• _Work request_
When you write out the listing below, keep each word exactly as it stands and drop the pictures.

• _Dataset extract_
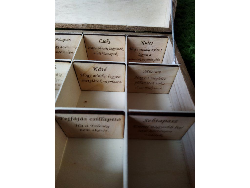 Rendelés során megjegyzésben tüntesse fel, milyen felirattal kéri a dobozt (pár neve, esküvő dátuma).
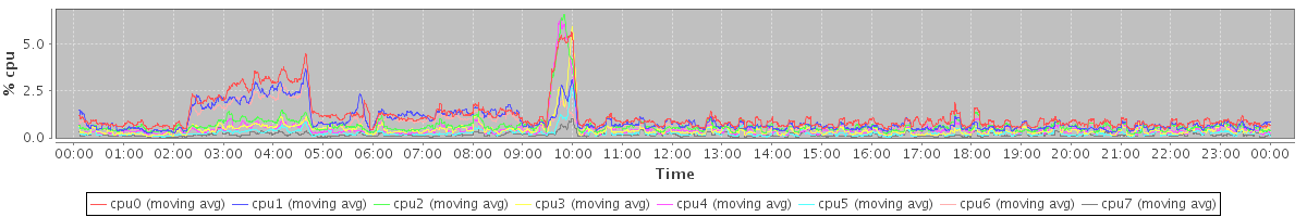avg(cpu0) = 0.17 avg(cpu1) = 0.24 avg(cpu2) = 0.05 avg(cpu3) = 0.08 avg(cpu4) = 0.03 avg(cpu5) = 0.05 avg(cpu6) = 0.03 avg(cpu7) = 0.03
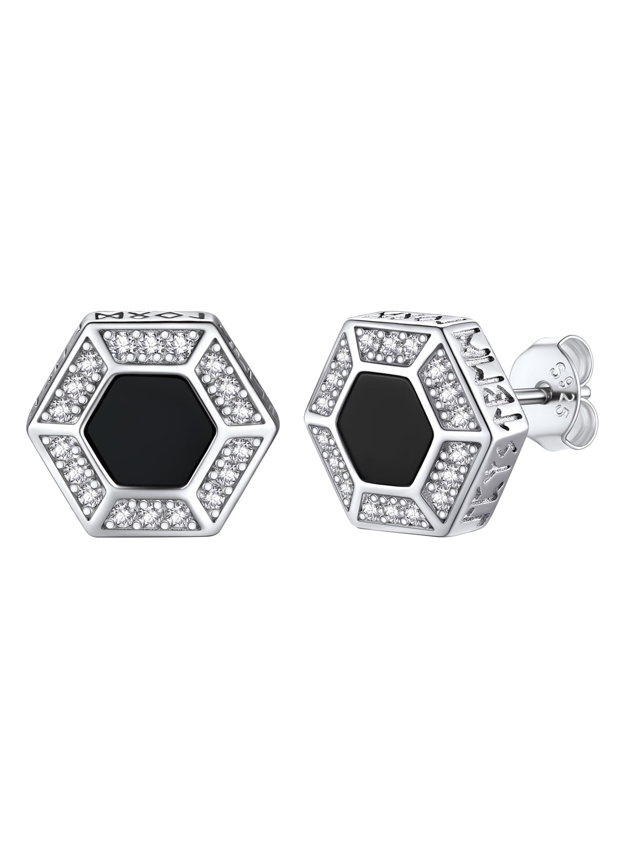 U7 Black Onyx Earrings for Men:Natural black onyx in the middle of viking earrings , surrounded by AAA+ Cubic Zirconia and Norse Viking Rune, unisex style, fashion and cool.

• _Task answer_
 Rendelés során megjegyzésben tüntesse fel, milyen felirattal kéri a dobozt (pár neve, esküvő dátuma).
avg(cpu0) = 0.17 avg(cpu1) = 0.24 avg(cpu2) = 0.05 avg(cpu3) = 0.08 avg(cpu4) = 0.03 avg(cpu5) = 0.05 avg(cpu6) = 0.03 avg(cpu7) = 0.03
 U7 Black Onyx Earrings for Men:Natural black onyx in the middle of viking earrings , surrounded by AAA+ Cubic Zirconia and Norse Viking Rune, unisex style, fashion and cool.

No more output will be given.